A conventional transmission electron microscope (TEM) consists of an electron gun, an electron lens system, a sample stage with a goniometer to manipulate sample orientation, and various detectors (see figure 1). The lens system has three segments, each with its own role. The condenser lenses are responsible for beam formation and illumination; the objective lenses, for imaging; and the projector lenses, for magnification alterations. A magnetic lens comprises coils of copper wires with an iron bore, and its magnetic field acts as a convex lens to bring off-axis rays back to focus. In the magnetic field, electrons follow a helical path, spiraling down the microscope column and passing through a sample, usually 100 nm thick or less.

An objective lens typically consists of upper and lower pole pieces. The sample sits in the pole-piece gap. A strongly focusing lens requires a small pole-piece gap, usually ranging from 3 mm to 5 mm (see inset of figure 1), which limits a sample’s maneuverability and environmental conditions. A scanning transmission electron microscope (STEM) is a type of TEM that scans a focused electron beam across the sample in a raster.

Electron–sample interactions generate various signals that often can be acquired simultaneously. The signals can be used for imaging and diffraction and, via energy-dispersive x-ray spectroscopy (EDX) and electron energy-loss spectroscopy (EELS), for chemical analysis. In EDX, an incident electron ejects a core-shell electron from a sample and creates an electron hole. An electron from an outer shell then fills in, and the energy difference between the two shells is released in the form of an x ray that can be used for elemental and chemical analysis. In EELS, the core electron is excited to an unoccupied state; the probe electron loses a corresponding amount of energy during the process. Analysis of the electron energy-loss spectrum’s fine structure provides information not only on the local density of unoccupied states but also on angular momentum and the sample’s chemical nature.

Seeing smaller

Since the invention of the electron microscope, researchers and engineers have continued to improve its spatial resolution. Progress in the late 20th century was staggering. Resolution improvements down to 1–2 Å were largely due to better lens designs, improved electron sources, increased mechanical and electrical stability, and the use of high accelerating voltages. The real breakthrough, however, was the development of aberration correctors for the image-forming lenses in TEMs and the probe-forming lenses in STEMs. Both spherical (wide-angle) and chromatic (energy-dependent) aberrations cause an electron beam to deviate from the ideal paraxial optics and therefore blur the image.

As Otto Scherzer discovered more than 50 years ago, spherical and chromatic aberrations are unavoidable for round lenses.
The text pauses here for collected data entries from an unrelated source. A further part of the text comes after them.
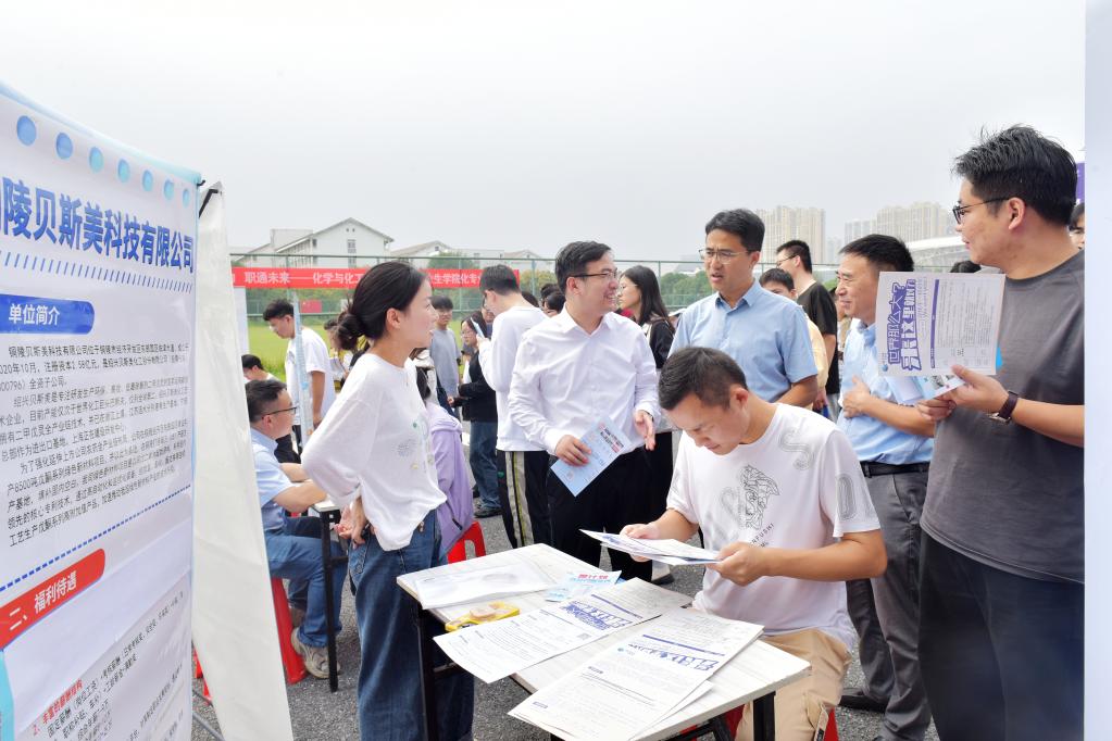 为促进毕业生高质量充分就业,10月15日下午,日本AV女优 在秀山校区化工楼举办“分子聚力 职通未来”学院化专业化招聘会。学生工作部副部长、大学生就业创业指导中心副主任赵传刚,日本AV女优 领导班子和毕业班班主任、辅导员参加活动。
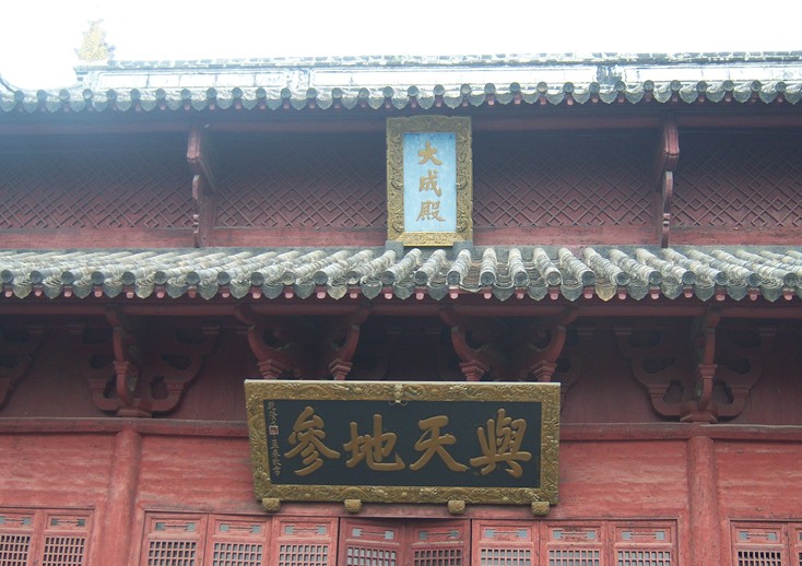 下泮橋即至大成門。此門系門廳式梁森構(gòu)架,闊三開間。硬山到頂,筒瓦頂蓋,正脊兩面三刀端裝飾鰲魚,四角凌空飛翹。門廳前后之間設(shè)壁隔內(nèi)外廳,并列辟門三道,中門屹立一對(duì)石獅,兩邊側(cè)門各置兩只石鼓。毗連門兩面三刀側(cè)的崇圣祠、土神祠、各三間,坎墻上軒要格通窗。廳、祠并列相依,刪繁脫俗,獨(dú)具匠心。
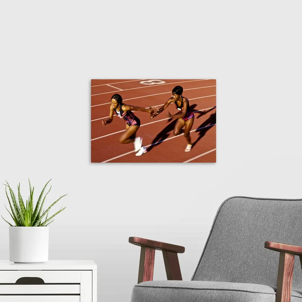 Track and field relay baton pass wall art for home and office decor. Discover canvas art prints, photos, mural, big canvas art and framed wall art in GreatBigCanvas.com's varied collections.
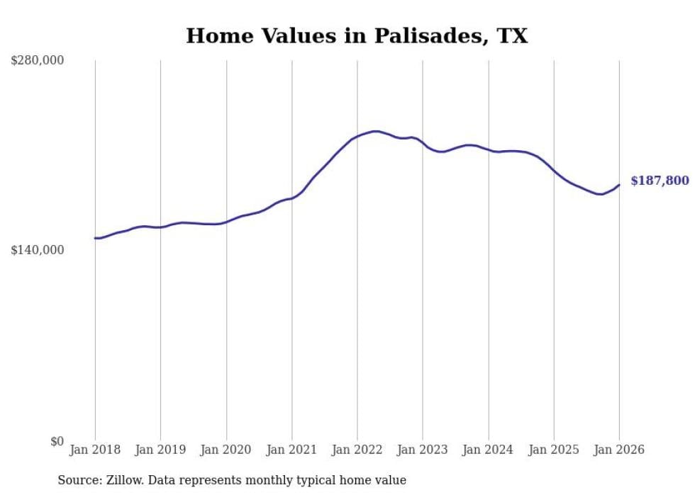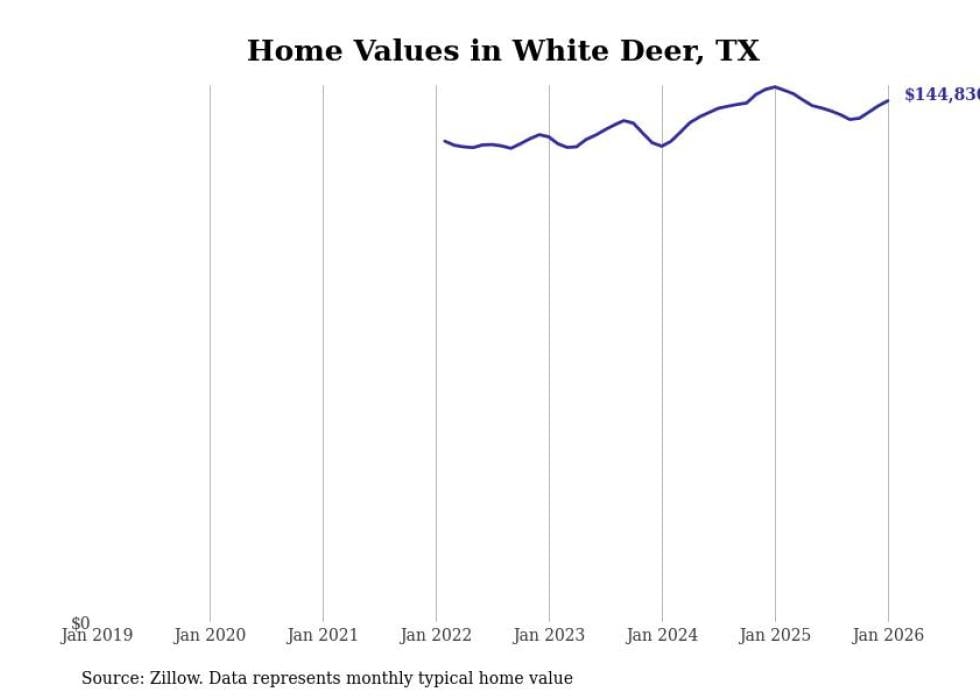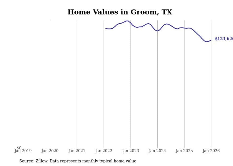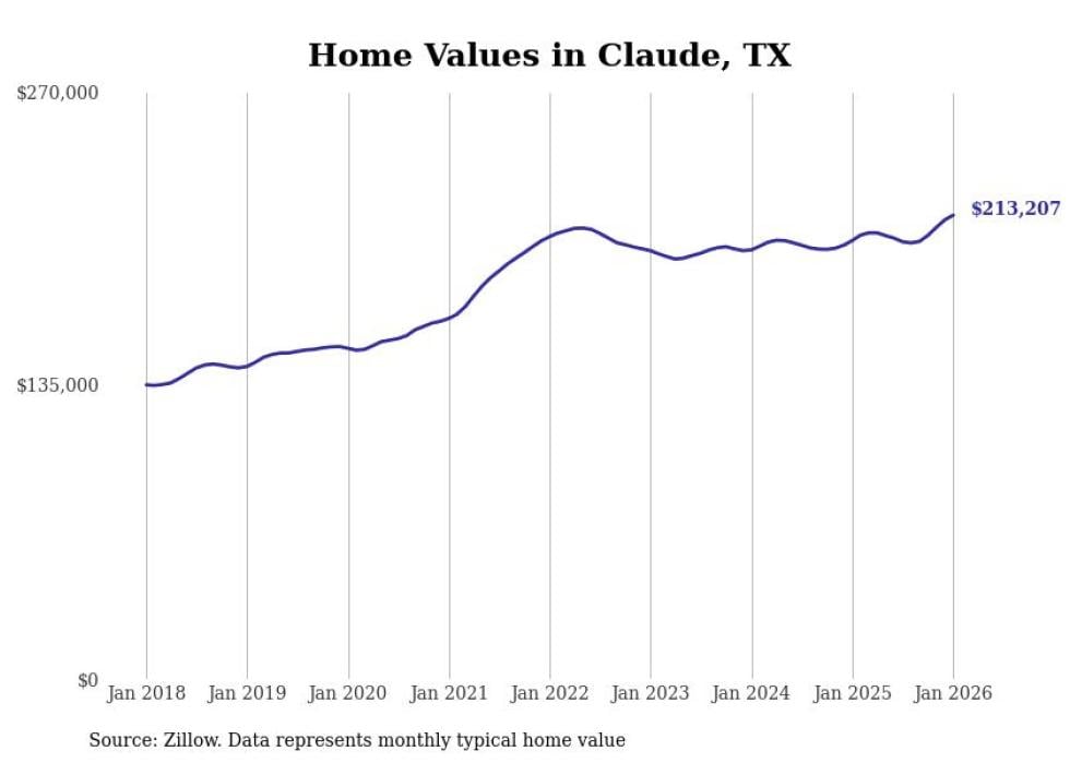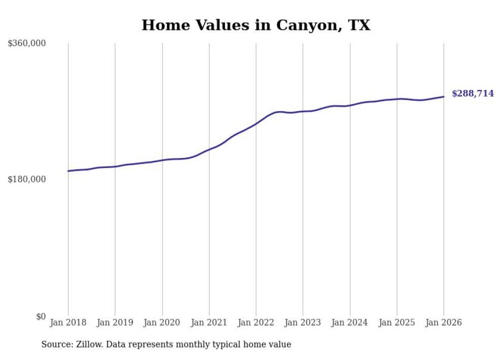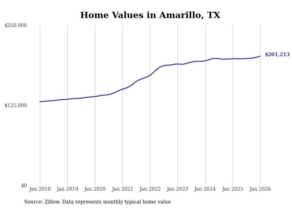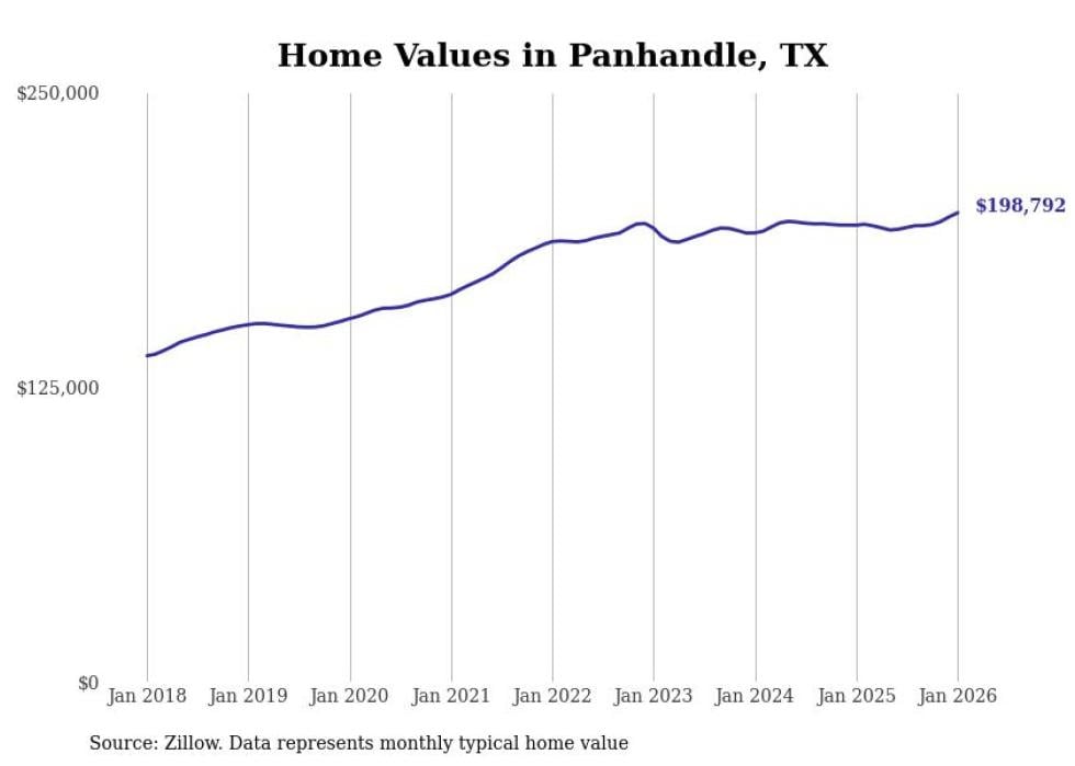 Stacker compiled a list of cities with the most expensive homes in the Amarillo metro area using data from Zillow. Charts show the monthly typical home value since January 2018. All 10 cities and towns with data available were included in the list.

An aberration corrector uses multipole lenses without rotationally symmetric electromagnetic fields. Precise alignment of the corrector elements, which is essential, only became possible with modern computer and feedback technology. Today aberration-corrected TEMs and STEMs can generate images with 50-pm resolution. The probe corrector is typically located above the sample, and the imaging corrector is below the sample.
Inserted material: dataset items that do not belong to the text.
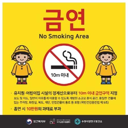 수원시보건소 관계자는 “그동안 어린이집·유치원 내부 경계까지가 금연구역이었으나, 출입구와 건물 주변에서 흡연할 경우에도 간접흡연이 발생한다는 의견에 따라 금연구역을 확대한 것”이라며 “간접흡연에 취약한 영유아들이 건강한 환경에서 자랄 수 있도록 시민들의 협조를 부탁드린다”고 말했다.
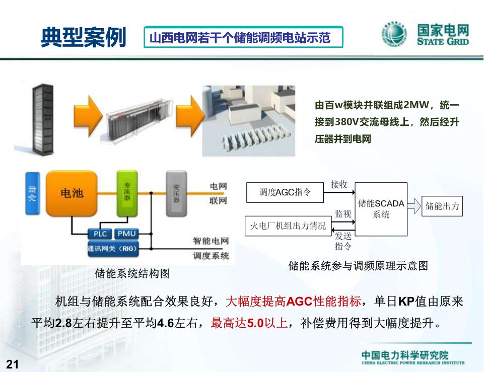 剛才就是調(diào)頻的基本概念和邏輯。下面我介紹幾個(gè)典型的案例。大家知道做調(diào)頻,也不是什么新鮮事物,在國外有好多比如在美國有9MW的調(diào)頻工程,在韓國目前是最大的,有56MW的儲(chǔ)能調(diào)頻,當(dāng)然調(diào)頻是由好幾部分組成的。中國人民做得也可以,在石景山有調(diào)頻電站,KP值也比較高,只不過火電機(jī)組原因現(xiàn)在關(guān)停了,不過這是商業(yè)模式的問題,技術(shù)還是基本可行的。
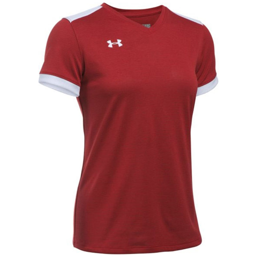 Reward the female members of your corporate team by giving the custom logoed Under Armour Women's Red Threadborne Match Jersey. Tough to rip and tear polyester makes the athletic corporate apparel perfect for wearing at company softball games or on your next trip to the gym. This t-shirt is also a great option as the first layer under a full zip or hoodie on the colder days of the year. Enjoy increased movement flexibility in every direction because of the stretch fabric. Proprietary Under Armour Threadborne Microthread fabric quickly removes moisture to prevent any discomfort. Add your corporate logo on the large imprint area to convert customer prospects into loyal patrons of your business.
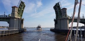 Wir befahren zum ersten und einzigen Mal einen Abschnitt des ICW (IntraCoastalWaterway), da alle Brücken, die wir unterqueren müssten, mit 65 ft, d.h. (65ft) eine – für den Mast der PIA (69ft) – zu geringe Durchfahrtshöhe haben.
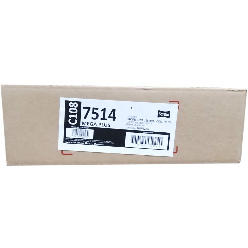 CUADERNO SCRIBE PROFESIONAL BLANCO MEGA 100 HOJAS C/36 PZA
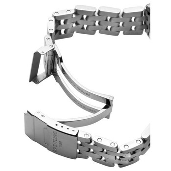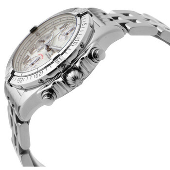 Stainless steel case with a stainless steel bracelet. Unidirectional rotating stainless steel bezel. Ivory dial with luminous silver-tone hands and luminous Roman numeral hour markers. Minute markers around the outer rim. Dial Type: Analog. Luminescent hands and dial markers. Date display at the 3 o'clock position. Chronograph - three sub-dials displaying: 60 second, 30 minute and 12 hour. Breitling calibre 13 automatic movement with a 42-hour power reserve. Scratch resistant sapphire crystal. Screw locked crown. Solid case back. Round case shape. Case size: 39 mm. Case thickness: 14.8 mm. Band width: 20 mm / 18 mm. Band length: 8.5 inches. Deployment clasp. Water resistant at 100 meters / 330 feet. Functions: chronograph, chronometer, date, hour, minute, second. Additional Info: chronograph; date displays at 3 o'clock position. Luxury watch style. Watch label: Certifie Chronometre. Item Variations: A1335812. Breitling Windrider Chrono Cockpit Mother of Pearl Dial Men's Watch A1335812-A596SS.

The two microscopes are complementary. TEM offers high acquisition speed, and STEM is ideal for imaging with atomic-number (Z) contrast. Aberration correction in TEM increases its resolution—in particular its image contrast—but caution is needed for image interpretation. In STEM, the corrector makes possible a larger numerical aperture of the lens, which enables a subangstrom probe with very high current for atomic imaging and spectroscopy.

Aberration correctors significantly enhanced our capabilities in electron-beam nanoscale characterization. Hundreds of aberration-corrected TEM and STEM systems are now operating at 60–300 keV worldwide. Subangstrom-resolution imaging and spectroscopy is not only used in large institutions. Today university researchers can examine in detail the cross section of a heterogeneous two-dimensional interface. Using atomically resolved spectroscopy, they can visualize not only interfacial atom arrangements—including cation displacements associated with local electric polarization, and individual impurity atoms and dopants—but also interfacial electronic states and charge-transfer.

Despite the past success of electron microscopy, further improvement in spatial resolution is no longer compelling on its own. Scientists are strongly motivated to determine the functionality of materials at atomic or molecular resolution, at short time scales, and in real environments. Materials have complex 3D arrangements of atoms and defects that directly determine their utility for applications. Consequently, future opportunities are in 3D imaging of defects, dopants, impurities, and vacancies, along with chemical identification of those impurities in the energy domain to correlate their behavior with different states of electrons.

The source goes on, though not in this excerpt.